Costs are low enough that developers can enter new markets without having to leave another one. The number of seats they can sell into can double or triple overnight. "We took development and packaging out of the equation," explains Chu. "The only thing left for a developer to do is QA, and they've got a product. We've really lowered the barrier on entering many new markets."

The message to developers is that NEXTSTEP is not just one architecture but several, all of which interoperate across a network. NeXT is telling software vendors to develop their applications on Intel now and port to other architectures as they become available. But PA-RISC may eventually become the development platform of choice because it can significantly decrease compiling time.

Leapin' lizards

Regardless of the lack of applications, users who need the ultimate in NEXTSTEP performance will turn to the Model 712 in droves. When it comes to naming its computers, HP is all business. The "Model 712" may not sound sexy, but the machine itself is. (Perhaps HP should have stuck with the more appropriate code name, Gecko.) Powered by the latest PA-RISC chip, the screaming PA-7100LC, which runs at up to 80MHz and features amenities like built-in CD-quality audio and full-motion video capabilities, this machine could be the workstation for which longtime NEXTSTEP users have been waiting.

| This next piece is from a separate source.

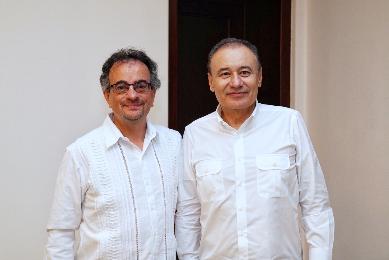Hermosillo, Sonora; 9 de agosto de 2023.- Como parte de las acciones de promoción del estado como un destino de inversión en materia de energías limpias, el gobernador Alfonso Durazo Montaño sostuvo un encuentro con el embajador del Reino Unido, Jon Benjamin, a quien le presentó el Plan Sonora de Energía Sostenible y el Programa Social de Generación Solar Distribuida.
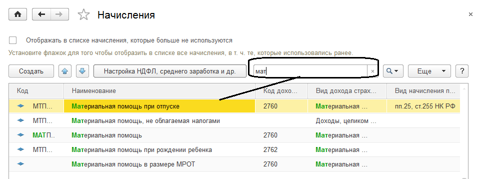 Пример показан для материальной помощи с вычетом в 4тыс., остальные настраиваются аналогично.

The Model 712/60, which runs at 60MHz, is rated by HP at 58 SPECint, while the 712/80i is rated at 84 SPECint. Both systems deliver 79 SPECfp, making them the fastest NEXTSTEP machines available. By contrast, a NeXTstation Color is rated at around 12 SPECint and 10 SPECfp.

NEXTSTEP for HP PA-RISC was clearly designed with the Model 712 in mind. The 712's integrated hardware capabilities and sleek look calls to mind NeXT's original black hardware. At the same time, it returns NeXT to a level of price/performance that it hasn't experienced since the introduction of the NeXTstation.

Like Silicon Graphic's Indy platform, the Model 712 running NEXTSTEP provides all of the benefits of running a high-end UNIX operating system with an easy-to-use interface and powerful underlying hardware. It also includes multimedia capabilities at a price point low enough to compete with high-end PCs. This point is reinforced by a PC-style keyboard and mouse. "We talked to a lot of customers, and we heard loud and clear that they wanted more hardware choices," says Chu.

The Model 712, despite its conservative name, is a fire-breathing monster that eats CPU cycles for breakfast. Together, NeXT and HP have done what neither company could do alone.

Lee Sherman is a senior contributing editor to NeXTWORLD.